One mild March afternoon, I circled the cathedral and listened to the ring of the stonemasons’ tools on its great sandstone walls. It rose like a graceful queen above slums which put Christianity to shame. I stared up the beautiful sweep of steps leading to its entrance, wondering if I dare go in, but I was too afraid. I had not seen myself in a mirror since coming to Liverpool, but I knew I was both dirty and shabby. My hat and shoes had been passed to Fiona, who was obliged to go out to school, whereas I could stay indoors. The shoes had been replaced by a pair of second-hand running shoes with holes in the toes; my head was bare and my hair straggled in an unruly mass down my neck; it was rarely combed and never washed.
Still pushing aimlessly, I wandered along Rodney Street, a lovely street of well-kept Georgian houses, the homes and surgeries of Liverpool’s more eminent doctors. A brass plaque on No. 62 informed me that Gladstone was born there. Mr Gladstone was not one of my heroes, so I continued onward enjoying the peace and orderliness of the quiet road.

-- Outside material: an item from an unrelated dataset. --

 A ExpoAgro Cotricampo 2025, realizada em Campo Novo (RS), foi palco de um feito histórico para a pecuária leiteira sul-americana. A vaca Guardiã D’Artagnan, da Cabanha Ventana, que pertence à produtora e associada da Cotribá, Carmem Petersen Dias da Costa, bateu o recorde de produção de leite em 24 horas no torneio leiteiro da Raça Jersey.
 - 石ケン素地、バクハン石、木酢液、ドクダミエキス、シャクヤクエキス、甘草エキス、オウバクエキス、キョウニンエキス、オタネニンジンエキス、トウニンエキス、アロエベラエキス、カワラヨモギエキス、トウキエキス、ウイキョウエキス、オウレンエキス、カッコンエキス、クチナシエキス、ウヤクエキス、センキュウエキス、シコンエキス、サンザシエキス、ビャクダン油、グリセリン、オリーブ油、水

I turned down Leece Street, past the employment exchange where Father spent so many unhappy hours, past tall, black St Luke’s Church and into Bold Street, the most elegant shopping centre in Liverpool. Although there were at least a dozen empty shops up for rent, the atmosphere was one of opulence. I pushed past women in fur coats and pretty hats, who stared at me in disgust, to look in windows which held a single dress or fur or a few discreet bottles of perfume. A delicious odour of roasting coffee permeated the place.

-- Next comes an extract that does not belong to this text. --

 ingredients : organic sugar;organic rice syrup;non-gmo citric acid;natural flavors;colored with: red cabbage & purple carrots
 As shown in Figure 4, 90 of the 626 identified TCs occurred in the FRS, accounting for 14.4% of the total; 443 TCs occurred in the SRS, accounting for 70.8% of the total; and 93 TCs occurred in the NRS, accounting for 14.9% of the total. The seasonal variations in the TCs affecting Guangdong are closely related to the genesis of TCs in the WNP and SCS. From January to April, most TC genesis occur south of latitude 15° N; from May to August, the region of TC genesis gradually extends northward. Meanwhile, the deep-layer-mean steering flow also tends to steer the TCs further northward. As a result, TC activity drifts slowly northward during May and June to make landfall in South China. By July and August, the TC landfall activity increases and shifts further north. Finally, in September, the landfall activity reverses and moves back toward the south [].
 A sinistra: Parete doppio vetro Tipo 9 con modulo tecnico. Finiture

Onward I went, through the packed shopping area of Church Street, where trams, nose to tail, clanged their way amid horsedrawn drays, delivery vans and private cars, and newspaper men shouted to me to ‘read all abaat it’. The cry of ‘Echo, Echo, Liverpool Echo, sir’ comes wafting down the years, like the overwhelming scent of vanilla pods, the sound and smell of a great port.